- Mämdäl Location within Tatarstan
- Country: Russia
- Region: Tatarstan
- District: Biektaw District
- Time zone: UTC+3:00

= Mämdäl =

Mämdäl (Мәмдәл) is a rural locality (a selo) in Biektaw District, Tatarstan. The population was 508 as of 2010.

== Geography ==
Mämdäl is located 31 km north of Biektaw, district's administrative centre, and 45 km north of Qazan, republic's capital, by road.
== History ==
The earliest known record of the settlement dates from the 17th century.

From 18th to the first half of the 19th centuries village's residents belonged to the social estate of state peasants.

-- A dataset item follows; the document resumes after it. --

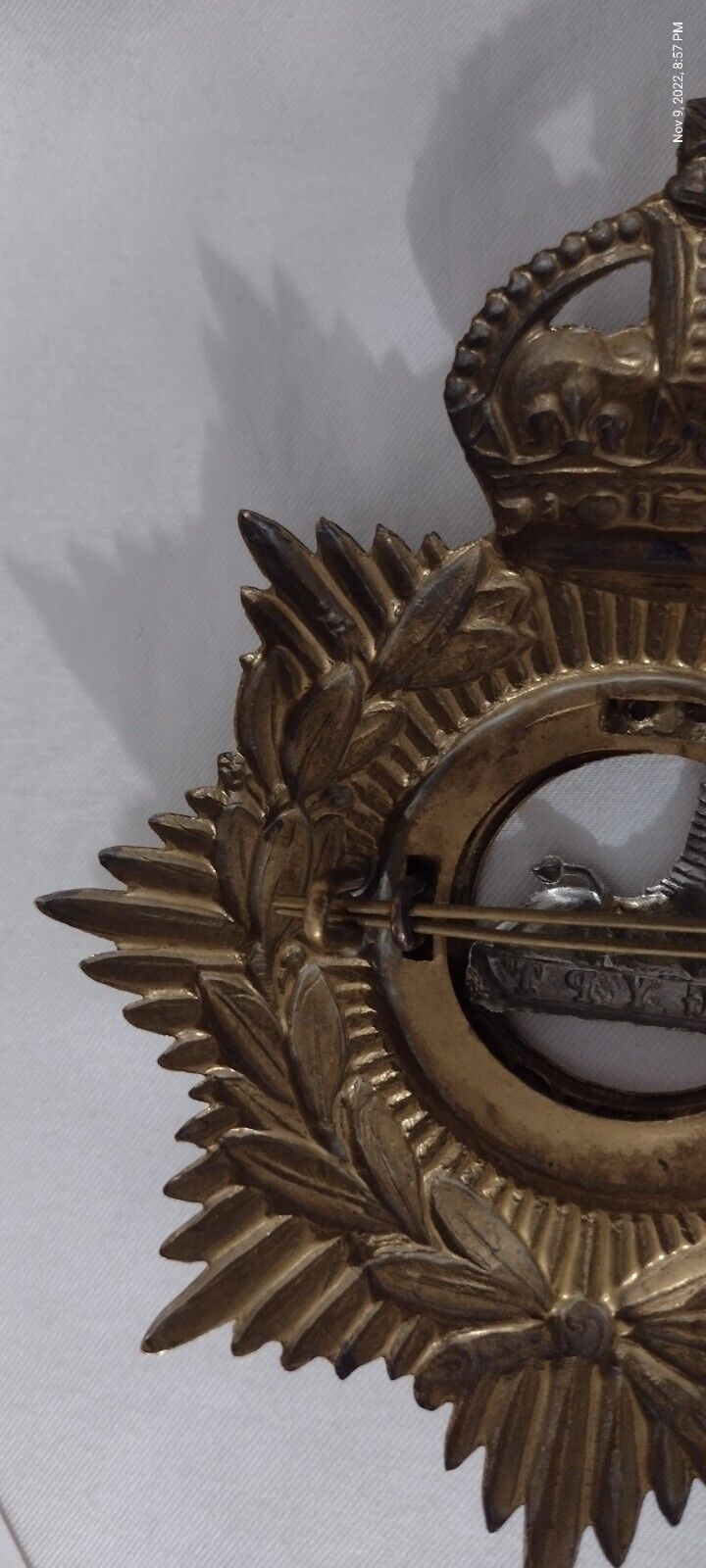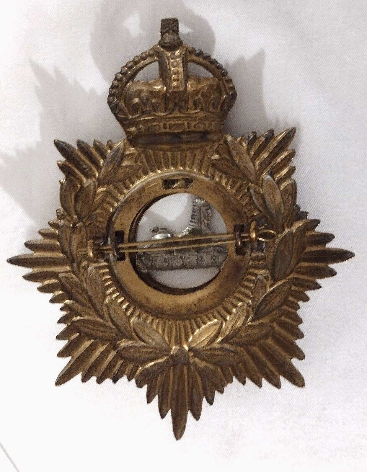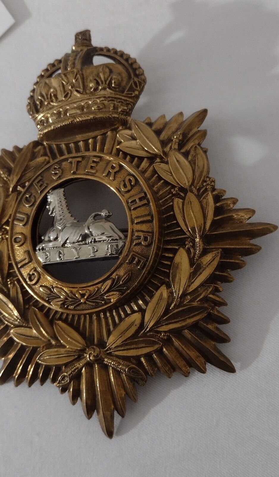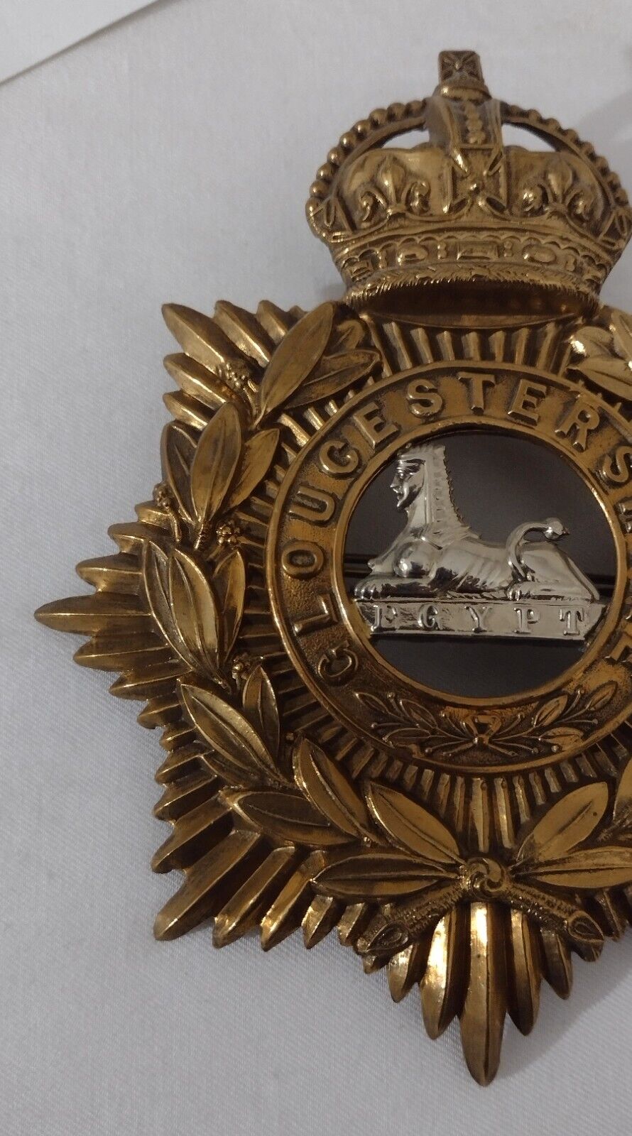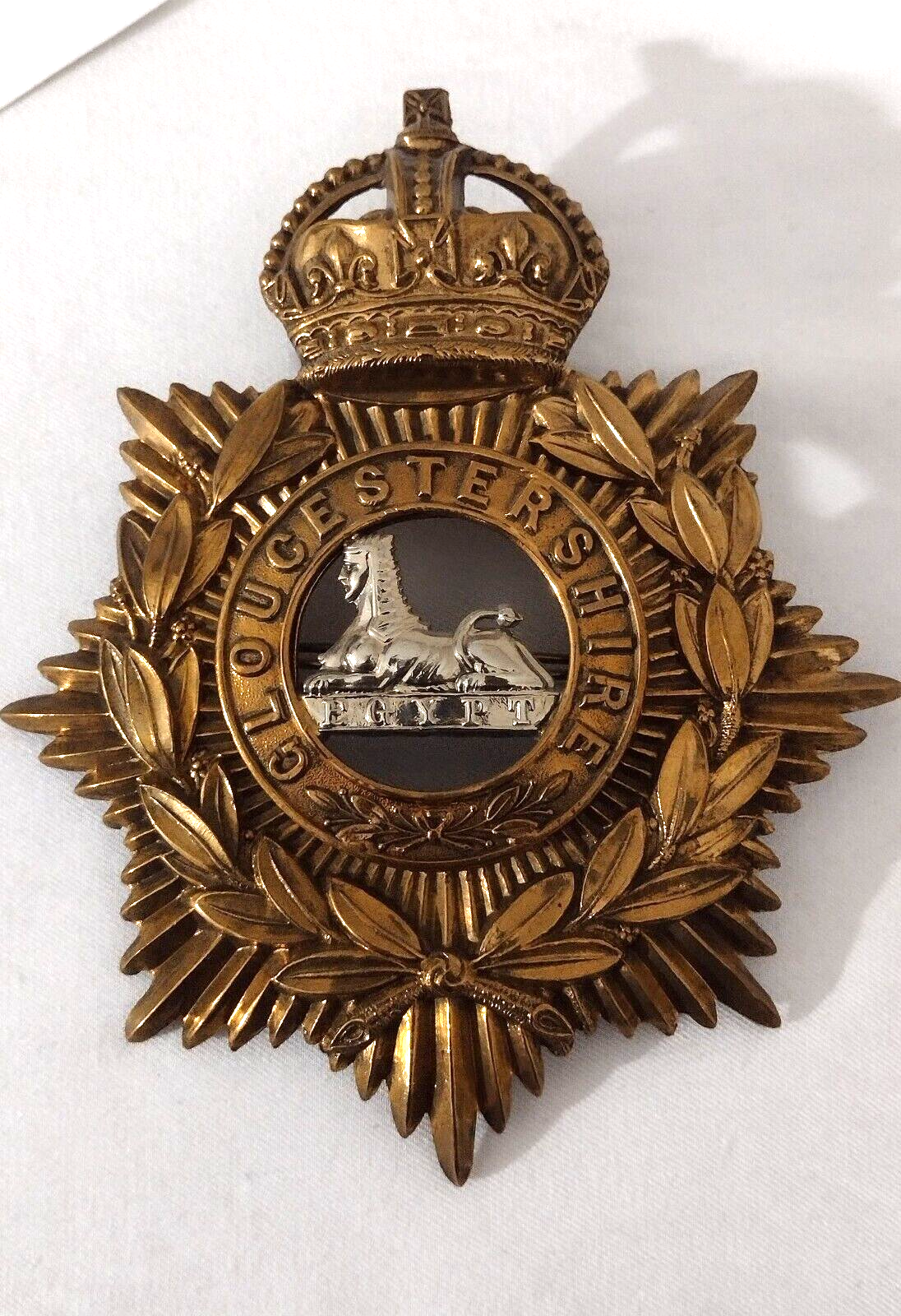 WW1 Gloucestershire Regiment Helmet Badge KC 1902-1914 Bi-Metal 130 mm ANTIQUE
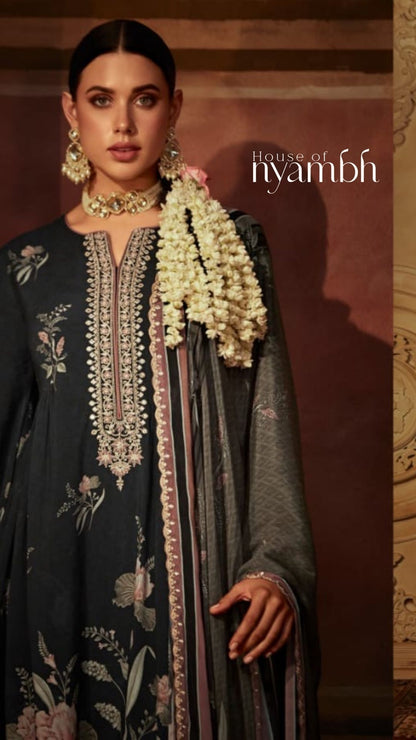 Indulge in elegance with our exquisite ensemble featuring a TOP crafted from Pure Maslin adorned with a captivating digital print. The cream dori scalloped embroidery on the hemline and sleeves adds a touch of sophistication. Complementing this is a DUPATTA made from Pure Chinnon with a stunning digital print and cream dori scalloped four-side embroidery border. The ensemble is completed with a luxurious BOTTOM made from Pure Cotton Satin, showcasing cream dori embroidery on the front. Elevate your style with this graceful combination of traditional craftsmanship and contemporary design.

By the beginning of the twentieth century, village had 2 mosques, a madrasa, a mekteb, a veterinary paramedic station, a blacksmith shop, 3 windmills, 2 match factories, 10 small shops and a bazaar on Tuesdays.

Before the creation of the Tatar ASSR in 1920 was a part of Qazan Uyezd of Qazan Governorate. Since 1920 was a part of Arça Canton; after the creation of districts in Tatar ASSR (Tatarstan) in Döbyaz (1930–1963), Yäşel Üzän (1963–1965) and Biektaw districts.